Small Island

By Andrea Levy £7.99

A winner of the Whitbread & Orange prizes, you might expect this novel to be worthy and obscure, but far from it. It's an absorbing, beautifully written and insightful read, focusing on the racism encountered by Jamaican immigrants after the Second World War. In the characters of Queenie, the white working-class London landlady, Gilbert, the Jamaican airman, and Hortense, his haughty wife from a marriage of convenience, who comes over to join him, Andrea Levy has created fabulously real characters whose lives interweave, and despite the brutality and pain of life around them, care for each other in subtle and touching ways. As an exploration of a point in England's past when everything changed never to be the same again, and the ordinary but extraordinary people who made and lived through those changes, it is an important and honest book, and wonderfully moving. Truly the best novel I've read in ages.

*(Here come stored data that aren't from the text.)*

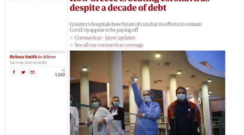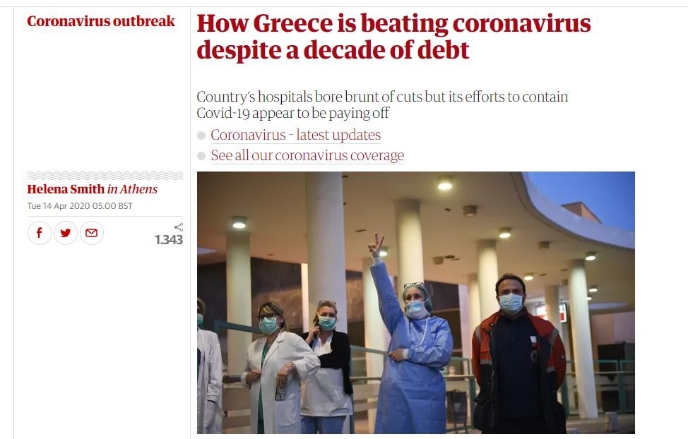 Άρθρο, με τίτλο πώς η Ελλάδα κερδίζει τον κορoνοϊό παρά τη δεκαετή κρίση χρέους και υπότιτλο τα νοσοκομεία της χώρας, σήκωσαν το βάρος των περικοπών, όμως οι προσπάθειές τους να περιορίσουν τον Covid-19 φαίνεται ότι αποδίδουν φιλοξενεί η Guardian της ανταποκρίτριας της εφημερίδας στην Αθήνα, Helena Smith.
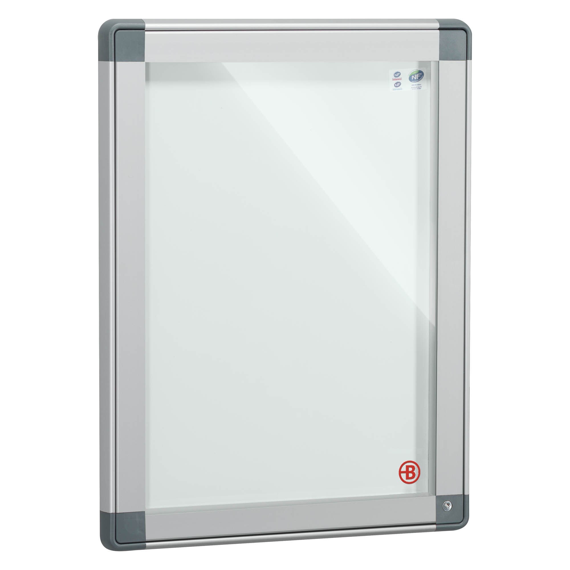 Elle est faite avec un cadre profilé en aluminium laqué polyester avec des coins arrondis pour un rendu élégant. Le tout proposé avec un fond tôle pré-laqué gris pour être effaçable à sec tout en permettant un affichage par plots magnétiques. Vos affichages seront bien présentés !
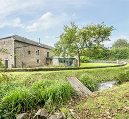 The property is approached by a courtyard. To the right of the property is a set of gates leading onto a gravel parking area and path leading round to the entrance. The rear garden is predominantly laid to lawn with a low level stone wall perimeter and a delightful area of decking, perfect for alfresco dining. The boundary extends beyond the stone wall to the post and rail fencing. A small bridge crosses the stream to a further lawned garden, bordering a neighbouring field, an idyllic spot to relax and unwind. The two sets of stone steps to the front elevation can also be used for access.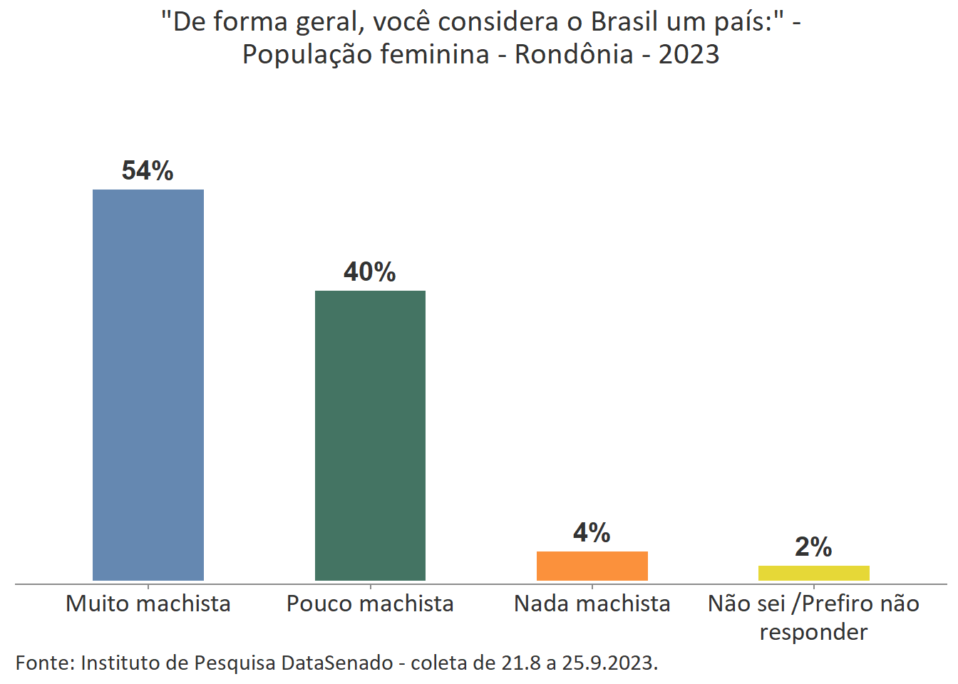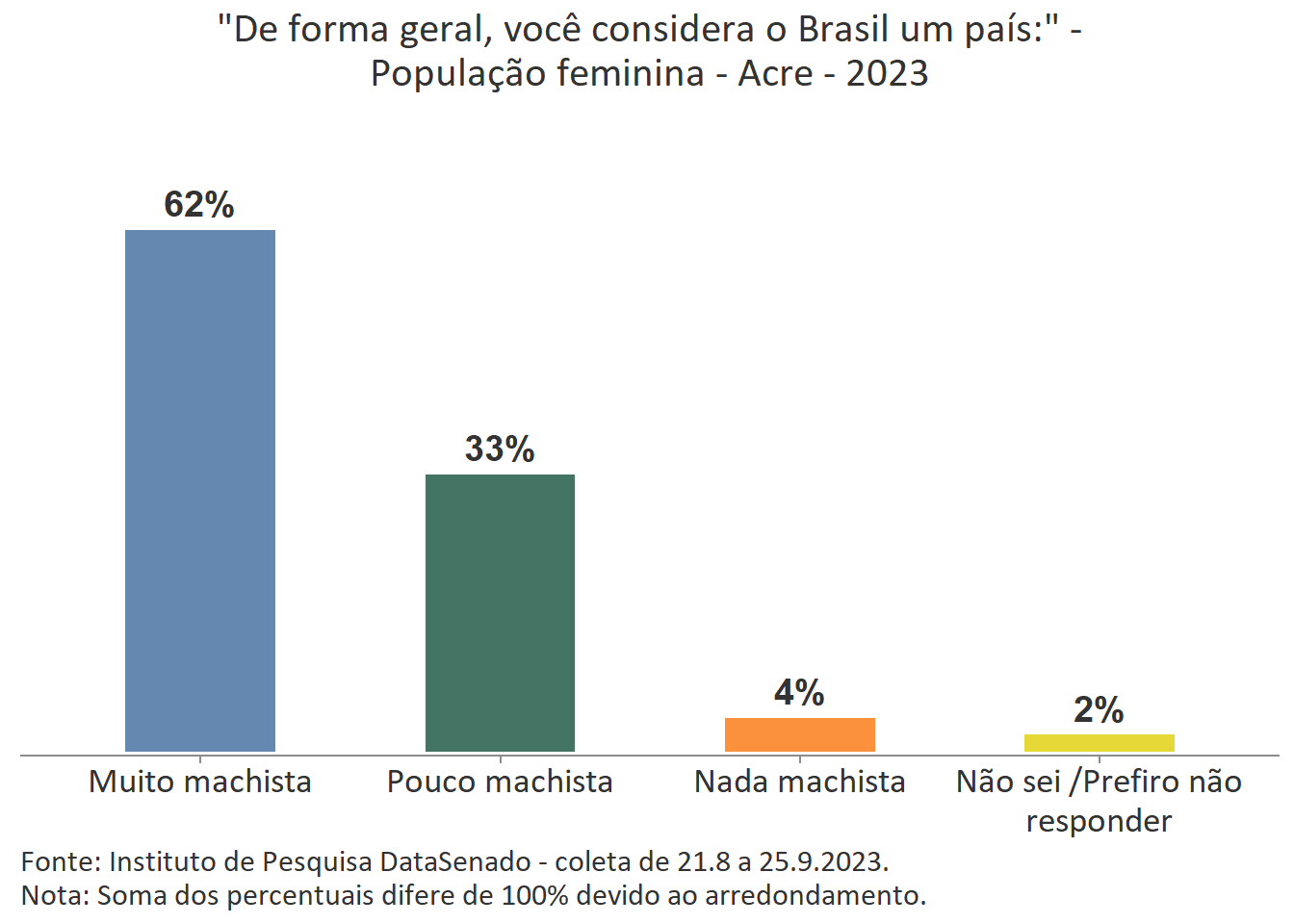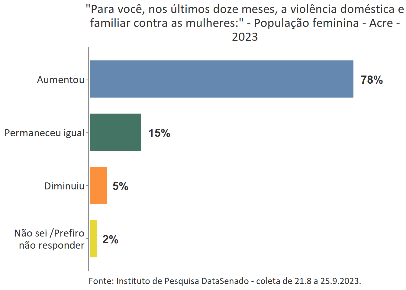 De forma geral, as acreanas consideram o Brasil um país muito machista (62%) e que nos últimos 12 meses a violência doméstica aumentou (78%).

A Vegan Taste of North Africa

By Linda Majzlik. £5.99

This is just one of a series of Vegan Taste of … cookbooks (others in the series include the Caribbean, India, Italy, France and the Middle East), with healthy, tasty, meat-free, dairy-free recipes from the region where Africa and the Mediterranean meet. The book is very simply presented, illustrated only with a couple of line-drawings, and recipes are grouped into snacks and starters, main courses, salads, and so on. A handy feature is the "Storecupboard" of staple ingredients, making it easy to compile a shopping list that will give you all you need to cook several different recipes. As someone who would like in principle to cook meals from scratch with fresh ingredients but rarely does. I found it easy to use, and enjoyed the results! A great way to try out vegan cooking as well as exploring the palette of tastes from a particular region.

Not For Sale: Feminists Resisting Prostitution and Pornography

Edited by Christine Stark & Rebecca Whisnant. £14.95

The sex industry is becoming increasingly normalised, even celebrated - but is porn just entertainment? Is prostitution just work? Here thirty writers and activists, female and male, write about the human rights issues and power inequalities inherent in a multi-billion dollar industry in the business of, more than anything, making women available to men for a price. While this book is not short of research and personal accounts about the negative effects of prostitution and porn, many of the writers look beyond well-trodden debates over whether the work is coercive and harmful or freely chosen and liberating, arguing that the buying and selling of sex - of people's bodies - is linked to wider global issues: militarism, racism, and corporate capitalist greed. Often crudely and irrelevantly misrepresented as 'anti-sex', many of the contributors are frontline activists against gender violence - whatever your views on the issue, their critical voices deserve to be heard.